Legal Services Consumer Panel
Reforming the Separate Business Rule
22 October 2015
I downloaded some music the other day from a well-known on-line music retailer. Just before I completed the transaction I was greeted with a message asking me to accept the terms and conditions of the retailer. I gave a cursory scroll down the page which seemed in order only to realise it was page 1 of 57. What was I to do? – read all pages in line with all the training and advice I'd ever been subjected to? (Probably) Or do what 98% of the population do and click accept? Time being of the essence I accepted. Clear consent was given on this occasion, but was it informed consent?
The concept of informed consent will be tested heavily over the next few years as the Solicitors Regulation Authority (SRA) push forward reforms to remove prohibitions under the separate business rule. The review of a rule which in practice hasn't been effective for a long while was welcomed by many, but for others, the Panel included, there is a fear that this new found liberalism in the market will disadvantage large numbers of consumers who will be left in the dark about redress when things go wrong.
Of course firms will not be able to refer to separate businesses without achieving the informed consent of the consumer. But what does this mean in practice, and how will firms know when they have achieved it?
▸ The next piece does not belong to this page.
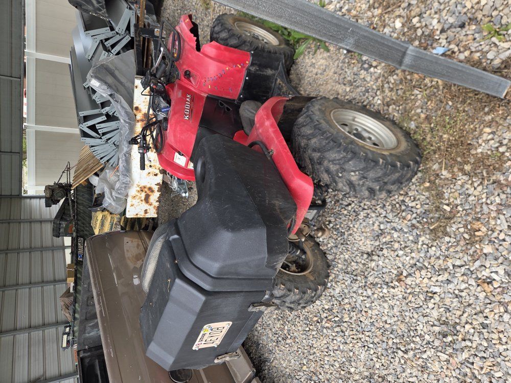 CashAppthis kodiak 400 has 4x4 at the push of a button, enough tread on the tires to last a few summers and seating for two. down sides the plastics are old and cracked, zip tie stitched in the front, brakes could use a little work, and the winch needs a solenoid i think. other than that it runs great and has never left me stranded. any reasonable offer considered. not looking for any trades. title in hand.

The dictionary definition tells us that 'informed' means a decision or judgement based on an understanding of the facts. This suggests that consumers need to demonstrate behaviour well beyond simple agreement. Throughout my career as a trading standards practitioner I have spent a lifetime picking up the pieces for consumers when things have gone wrong. In the majority of these cases there was clear consent to enter into contracts for goods and services but very rarely did I see evidence that the consumer acted in an informed way.
This is repeated across the world and sometimes complicated by faiths or social groups where consent is often given but the intention is often contradictory to that. Last year I spent some time researching in Northern Queensland with the Indigenous Consumer Affairs Network. They had spent time uncovering the issue of 'gratuitous concurrence'. The term "gratuitous concurrence" refers to the tendency of an individual to agree with a proposition or question which is put to him or her, regardless of whether he truly agrees with that proposition or question.
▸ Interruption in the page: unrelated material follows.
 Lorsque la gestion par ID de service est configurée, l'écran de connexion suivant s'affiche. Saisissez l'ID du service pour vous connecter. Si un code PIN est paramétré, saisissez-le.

According to the Australasian Institute of Judicial Administration an indigenous person may gratuitously agree with a questioner as a means of conveying readiness for cooperative interaction. That is, when indigenous people say "yes" to a question, it often does not mean "I agree with what you are asking me". Instead, it often means "I think that if I say 'yes' you will see that I am obliging, and socially amenable and you will think well of me, and things will work out well between us."
The result is quite sad; widespread pressure selling of various useless items from travelling traders who do not think twice about exploiting already stretched households which have very little capacity to make the repayments.
What becomes clear in modern legal frameworks is how a simple well intentioned relaxation of the rules designed to stimulate and open up access to justice can often result in leaving the vulnerable behind.
For years policy makers have developed regimes on the principle that when consumers are exposed to information it naturally follows that they will understand said information and make a judgement that serves their best interests. This simple notion that understanding follows information is of course deeply flawed, even when a consumer has signed a declaration or waiver.
Consumers make decisions for a whole variety of reasons and only on some occasions do these reasons correlate with the consumer's best interests. Everyday consumers agree to enter into contracts because of feelings of urgency, price, times of emotional distress, because they have invested time with one provider already, because they are overwhelmed with a complex situation, because of the opportunity cost of shopping around, because of personal recommendation or simply because of convenience.
Very rarely will issues of redress options, or whether a provider is regulated or not, enter into that decision making process. And although firms will have the job of ensuring their clients do just that before referring them on to a separate business, this is not as easy as some might think.
I should be clear here: I'm not drawing a parallel between commercial exploitation and the legal services market in the UK. Rather, I am making the point that informed consent is very difficult to detect, time consuming to achieve, and something which risks coming back to bite the profession if implementation isn't thought through carefully. After all, exposure to information and rational behaviour it would seem have very little in common.